We start with two defines for URL and FILE. These are will help us use the two dimensional array table, which has both the URL of the file and the filename on disk that contains it. We then have a few predefines for functions. The process is split into three parts: the main function that loops over our table, the load_html function that scans an HTML file for more links to download, and the extract_html function that removes extraneous parts from the download. Depending on your individual needs, this last function could be empty. The console_print_line function is a wrapper for the ConsolePrint SDK function that simply adds a line return to the message.


#define URL                     0
#define FILE                    1


    int                 load_html(string, string);
    int                 extract_html(string);
    int                 console_print_line(string);

We then have our global variables. The table variable was covered above. skip is an array of files we are skipping. The next few variables are the website from which we are downloading, the starting file, an additional relative path (the SEC stores downloads in a different location from the HTML), and the destination download directory.

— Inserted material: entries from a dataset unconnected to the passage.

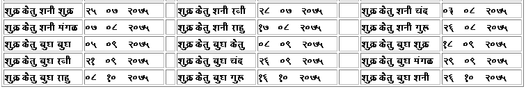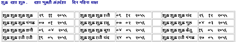 Sample: 4 Level HTML KP Vimshottari Dashas Devnagari Report Birth Date & Time: 11 Sep 1962 6:25:00 AM Thane (Near Mumbai), India
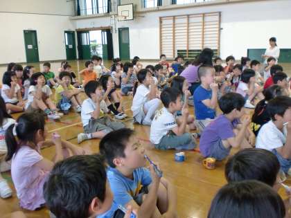 8日(金)2時間目に,歯科衛生士の先生から歯磨き指導をしてもらいました。2年生は去年に引き続き2回目,磨き方かもなかなか上手になっていました。毎日歯の裏側もきれいにきれいにシュッシュッ磨きます。
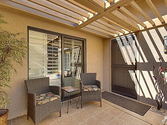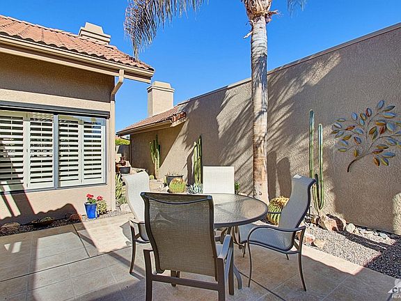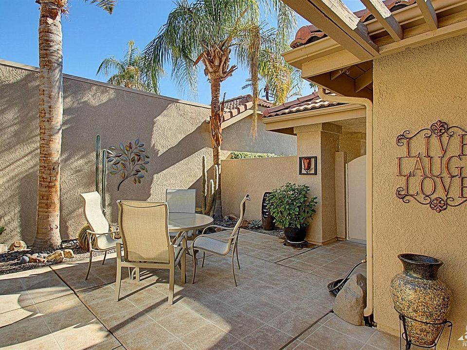 PRICE reduced...you NEED to see this home.Not only is it located on one of the MOST desirable streets in the complex but it is also a FREESTANDING end unit. This POPULAR G Plan features 2 MASTER SUITES on opposite ends of the building. Absolutely ADORABLE and ready for IMMEDIATE occupancy. Remodeled kitchen and bathrooms. Shutters throughout. The photos tell it all. Cute, CUTE, cute. Located on a large greenbelt with the pool very close by. Views of the West mountains from the back patio. 2 car attached garage. AND...it is FURNISHED (per inventory). Silver Sands Racquet Club is located adjacent to the J.W. Marriott Desert Springs Resort and across the street from Desert Willow Golf Resort where Palm Desert residents can play for $48/round. SSRC amenities include 15 pools/spas, 8 lighted tennis courts with a pro on staff during the season, and state of the art fitness facility. SSRC is definitely Palm Desert's BEST kept SECRET. Don't miss this one!

    string              table[][];
    string              skip[];
    string              fnSite;
    string              fnSrcPath;
    string              fnRelPath;
    string              fnDestPath;

Let’s dive right into the main function. The first thing we will do is set up our global variables from above. Then we will begin the download loop. We will look at the size of the table array and then take a file from the array. We will then try to qualify the file using the fnSrcPath or fnRelPath functions. We do this so we don’t start downloading into other websites.


int main() {
    string              s1, s2, s3;
    dword               type;
    int                 sx, size;
    int                 rc;

    // Site
    fnSite = "https://www.sec.gov";

    // Source Path
    fnSrcPath = fnSite + "/oit/Article/";

    // Allowed Relative Path (also allows source)
    fnRelPath = fnSite + "/info/edgar/";

    // Destination Location
    fnDestPath = AddPaths(GetScriptFolder(), "Files\\");

    // Starting File
    table[sx][URL] = fnSrcPath + "info-edgar-tech-specs.html";

    // Open Console
    console_print_line("Starting download...");

    size = 1;
    while (sx < size) {
      s1 = GetFilePath(table[sx][URL]);
      s1 = MakePathRelative(fnSrcPath, s1);
      if (s1 == "") {
        s1 = GetFilePath(table[sx][URL]);
        s1 = MakePathRelative(fnRelPath, s1);
        }
      if (s1 == "") {
        if (table[0][URL] != table[sx][URL]) {
          console_print_line(FormatString("   Path not relative for %s", table[sx][URL]));
          sx++;
          continue;
          }
        }

We then get the filename and give it a specific name if it doesn’t have one. This is in case where a webserver is automatically picking a file, like index.htm, for the request. We then convert it to a Windows path and create the destination folder if needed.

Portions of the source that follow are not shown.